• _WHAT IS NEEDED_
The answer must consist solely of the lines below starting at the one containing "Zestaw zawiera uroczą" and ending at the one containing "Handmade Lined Child", repeated exactly, with both ends included and all pictures omitted.

• _DATA FOR THIS TASK_
───
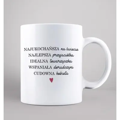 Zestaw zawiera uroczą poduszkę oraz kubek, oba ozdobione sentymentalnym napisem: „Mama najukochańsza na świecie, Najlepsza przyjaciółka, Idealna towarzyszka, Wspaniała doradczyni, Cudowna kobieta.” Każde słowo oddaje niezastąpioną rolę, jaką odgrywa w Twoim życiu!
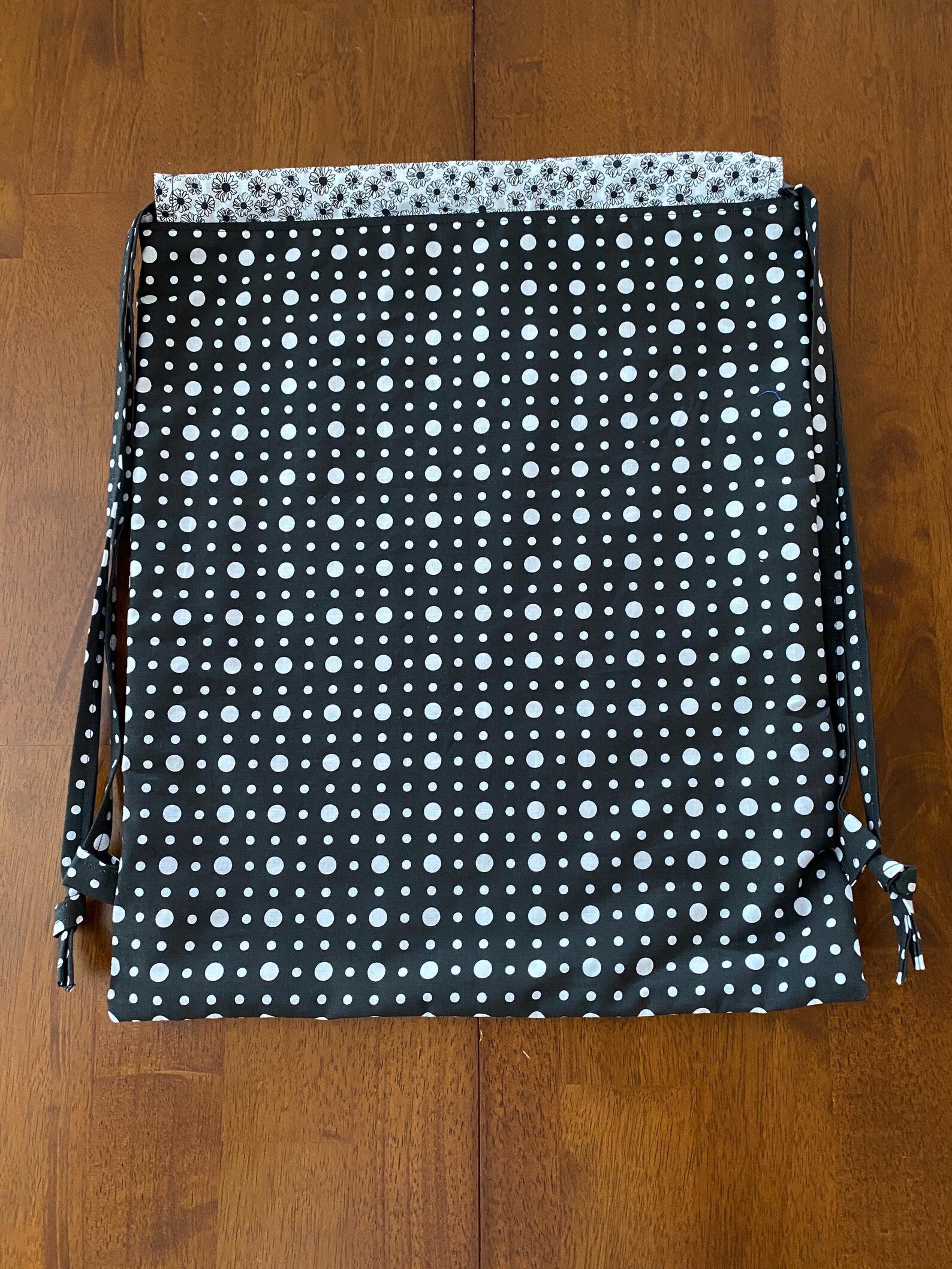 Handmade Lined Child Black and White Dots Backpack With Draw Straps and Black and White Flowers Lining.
───
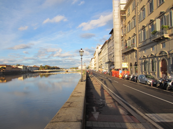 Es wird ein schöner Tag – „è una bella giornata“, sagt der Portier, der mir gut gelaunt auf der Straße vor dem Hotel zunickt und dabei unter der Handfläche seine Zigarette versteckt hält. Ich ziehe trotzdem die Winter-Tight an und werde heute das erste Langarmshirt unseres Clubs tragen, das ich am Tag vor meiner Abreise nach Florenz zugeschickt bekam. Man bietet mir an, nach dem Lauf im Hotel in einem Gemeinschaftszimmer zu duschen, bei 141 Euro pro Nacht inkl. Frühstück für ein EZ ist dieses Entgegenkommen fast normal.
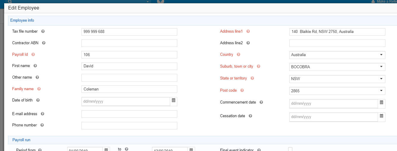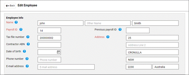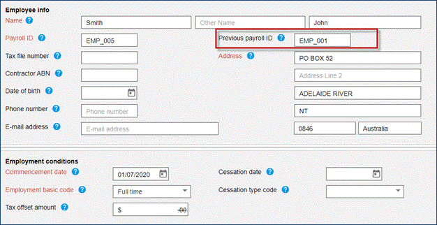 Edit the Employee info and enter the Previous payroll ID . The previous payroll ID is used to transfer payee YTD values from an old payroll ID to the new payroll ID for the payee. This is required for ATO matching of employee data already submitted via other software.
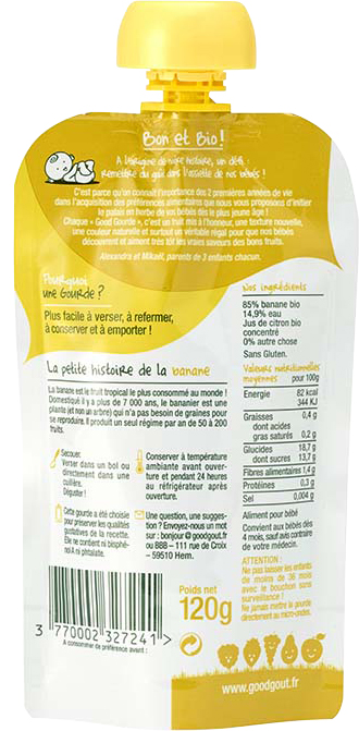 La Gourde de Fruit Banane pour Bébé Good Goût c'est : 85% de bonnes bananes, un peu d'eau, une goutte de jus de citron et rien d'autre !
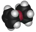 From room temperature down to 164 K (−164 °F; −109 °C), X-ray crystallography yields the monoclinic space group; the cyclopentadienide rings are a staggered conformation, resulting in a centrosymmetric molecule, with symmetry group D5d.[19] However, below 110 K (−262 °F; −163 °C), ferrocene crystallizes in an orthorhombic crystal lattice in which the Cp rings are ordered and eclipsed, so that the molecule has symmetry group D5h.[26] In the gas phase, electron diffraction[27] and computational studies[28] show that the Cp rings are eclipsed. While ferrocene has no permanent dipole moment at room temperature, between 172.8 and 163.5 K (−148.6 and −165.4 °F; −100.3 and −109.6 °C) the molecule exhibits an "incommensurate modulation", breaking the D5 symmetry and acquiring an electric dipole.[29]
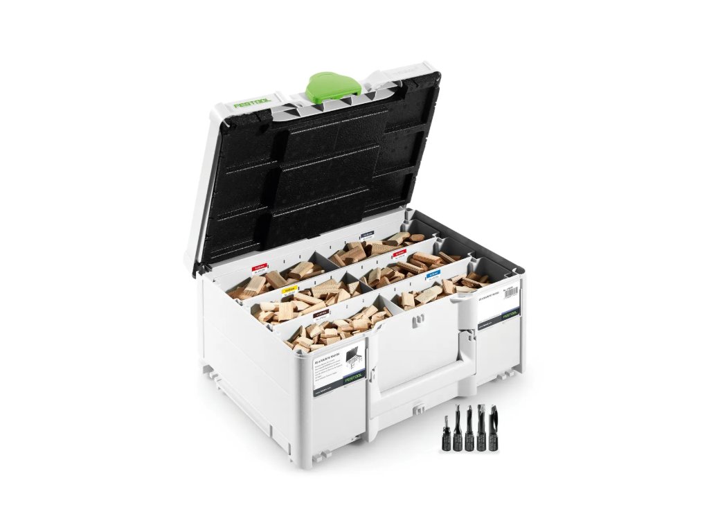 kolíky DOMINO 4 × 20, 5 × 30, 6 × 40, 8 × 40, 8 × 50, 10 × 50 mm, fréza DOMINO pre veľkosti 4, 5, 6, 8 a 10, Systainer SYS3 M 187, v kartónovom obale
───
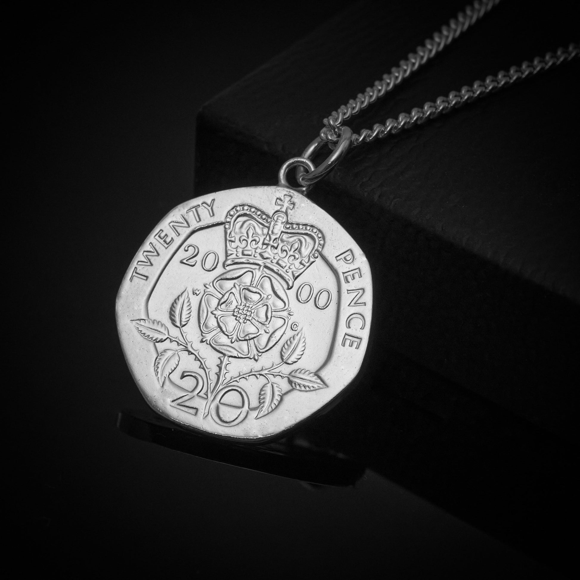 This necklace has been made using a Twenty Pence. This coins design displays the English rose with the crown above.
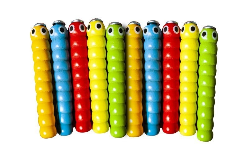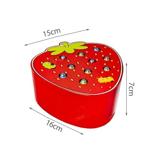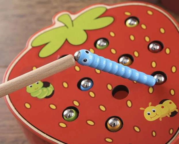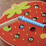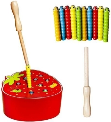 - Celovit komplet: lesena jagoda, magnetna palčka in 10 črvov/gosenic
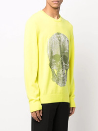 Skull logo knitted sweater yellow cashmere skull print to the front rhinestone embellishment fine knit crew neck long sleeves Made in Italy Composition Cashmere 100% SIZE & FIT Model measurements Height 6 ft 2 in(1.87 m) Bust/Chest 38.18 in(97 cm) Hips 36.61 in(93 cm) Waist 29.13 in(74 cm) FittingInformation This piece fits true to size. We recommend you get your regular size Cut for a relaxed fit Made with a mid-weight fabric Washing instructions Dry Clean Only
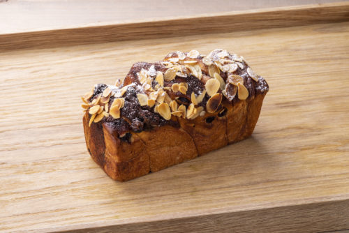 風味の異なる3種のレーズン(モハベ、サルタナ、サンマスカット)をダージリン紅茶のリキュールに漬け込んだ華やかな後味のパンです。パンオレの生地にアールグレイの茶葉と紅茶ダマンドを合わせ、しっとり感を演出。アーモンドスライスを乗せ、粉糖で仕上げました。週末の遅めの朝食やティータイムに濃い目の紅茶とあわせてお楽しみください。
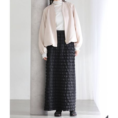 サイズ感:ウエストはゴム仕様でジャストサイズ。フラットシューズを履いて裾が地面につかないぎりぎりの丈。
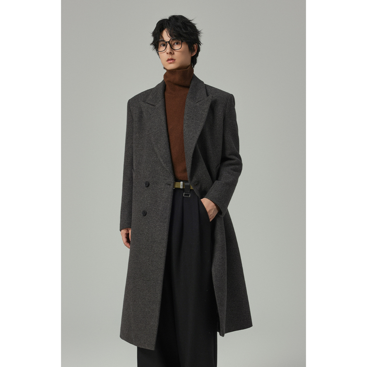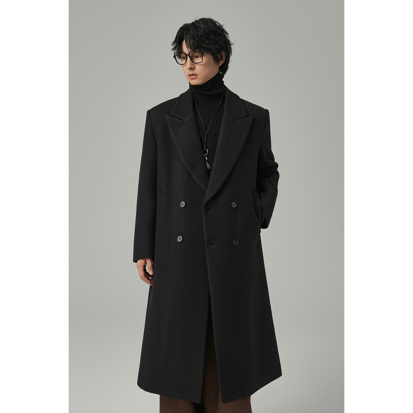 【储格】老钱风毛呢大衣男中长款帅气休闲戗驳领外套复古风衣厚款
───
• _RESULT BELOW_
 Zestaw zawiera uroczą poduszkę oraz kubek, oba ozdobione sentymentalnym napisem: „Mama najukochańsza na świecie, Najlepsza przyjaciółka, Idealna towarzyszka, Wspaniała doradczyni, Cudowna kobieta.” Każde słowo oddaje niezastąpioną rolę, jaką odgrywa w Twoim życiu!
 Handmade Lined Child Black and White Dots Backpack With Draw Straps and Black and White Flowers Lining.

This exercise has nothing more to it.